> [EXERCISE]: The expected answer is the data below, printed verbatim without its pictures.

> [RECORDED INFORMATION]:
■ ■ ■ ■ ■ ■ ■
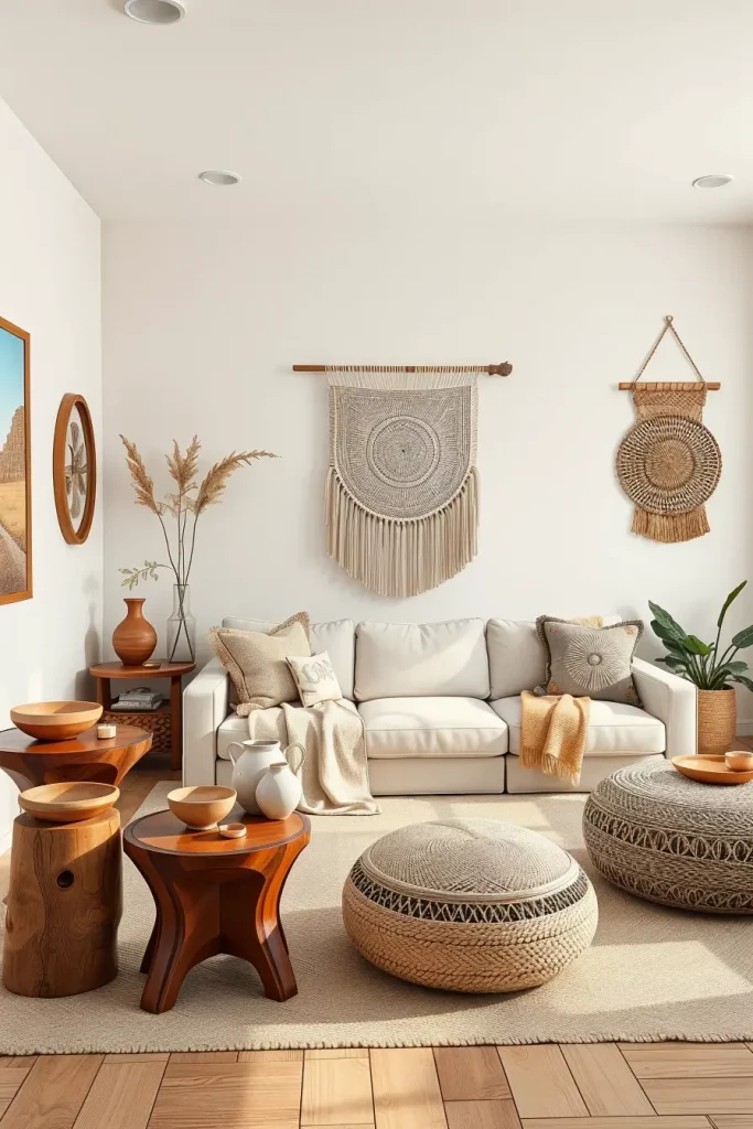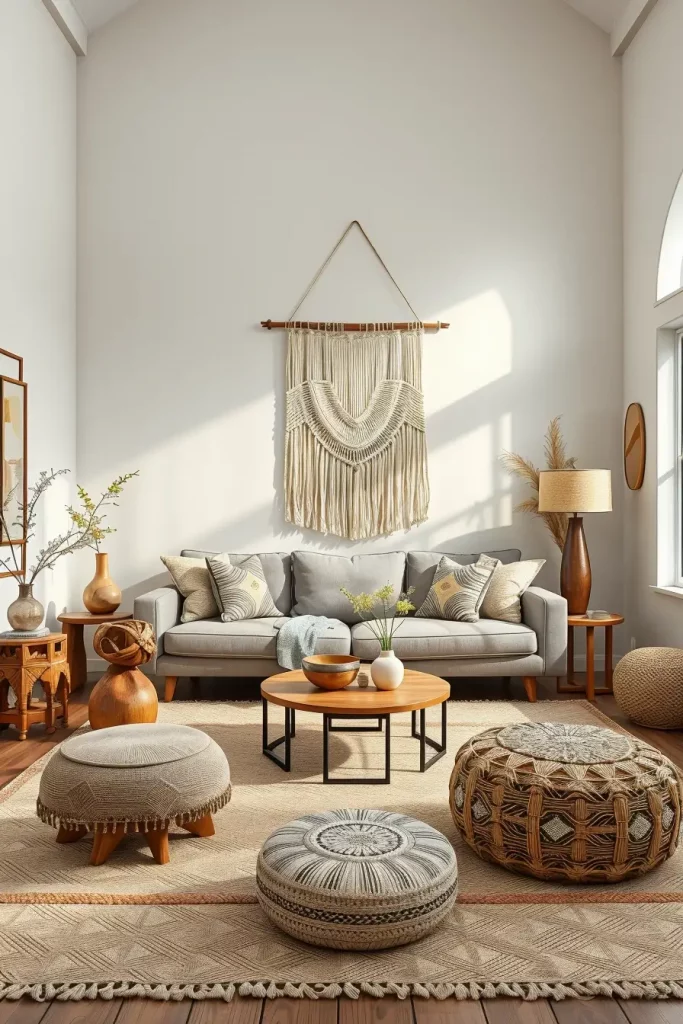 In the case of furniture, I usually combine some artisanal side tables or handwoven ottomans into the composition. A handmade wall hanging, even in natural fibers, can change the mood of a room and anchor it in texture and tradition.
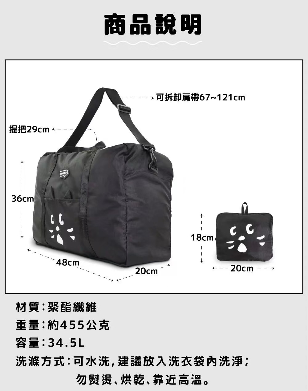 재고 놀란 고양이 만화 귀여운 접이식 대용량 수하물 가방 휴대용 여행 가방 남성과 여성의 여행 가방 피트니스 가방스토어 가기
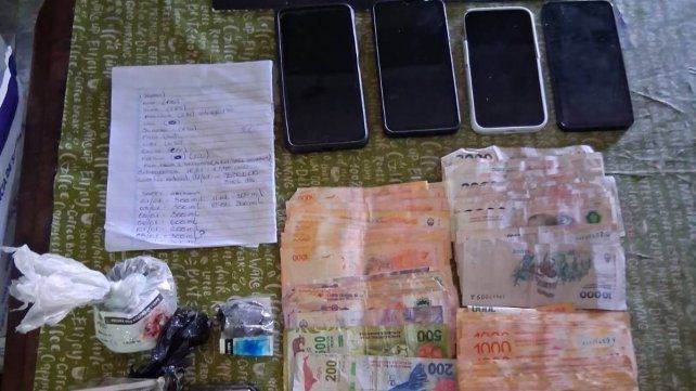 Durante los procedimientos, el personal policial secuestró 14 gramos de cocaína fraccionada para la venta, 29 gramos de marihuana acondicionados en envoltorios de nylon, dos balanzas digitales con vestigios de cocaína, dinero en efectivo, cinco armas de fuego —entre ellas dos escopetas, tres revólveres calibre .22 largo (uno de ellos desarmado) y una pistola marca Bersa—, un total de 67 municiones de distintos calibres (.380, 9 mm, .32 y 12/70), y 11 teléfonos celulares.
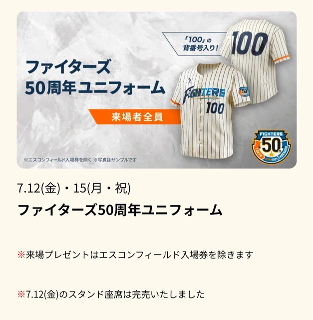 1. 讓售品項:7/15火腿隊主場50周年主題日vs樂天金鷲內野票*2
■ ■ ■ ■ ■ ■ ■
> [PROBLEM SOLUTION]:
 In the case of furniture, I usually combine some artisanal side tables or handwoven ottomans into the composition. A handmade wall hanging, even in natural fibers, can change the mood of a room and anchor it in texture and tradition.
 재고 놀란 고양이 만화 귀여운 접이식 대용량 수하물 가방 휴대용 여행 가방 남성과 여성의 여행 가방 피트니스 가방스토어 가기
 Durante los procedimientos, el personal policial secuestró 14 gramos de cocaína fraccionada para la venta, 29 gramos de marihuana acondicionados en envoltorios de nylon, dos balanzas digitales con vestigios de cocaína, dinero en efectivo, cinco armas de fuego —entre ellas dos escopetas, tres revólveres calibre .22 largo (uno de ellos desarmado) y una pistola marca Bersa—, un total de 67 municiones de distintos calibres (.380, 9 mm, .32 y 12/70), y 11 teléfonos celulares.
 1. 讓售品項:7/15火腿隊主場50周年主題日vs樂天金鷲內野票*2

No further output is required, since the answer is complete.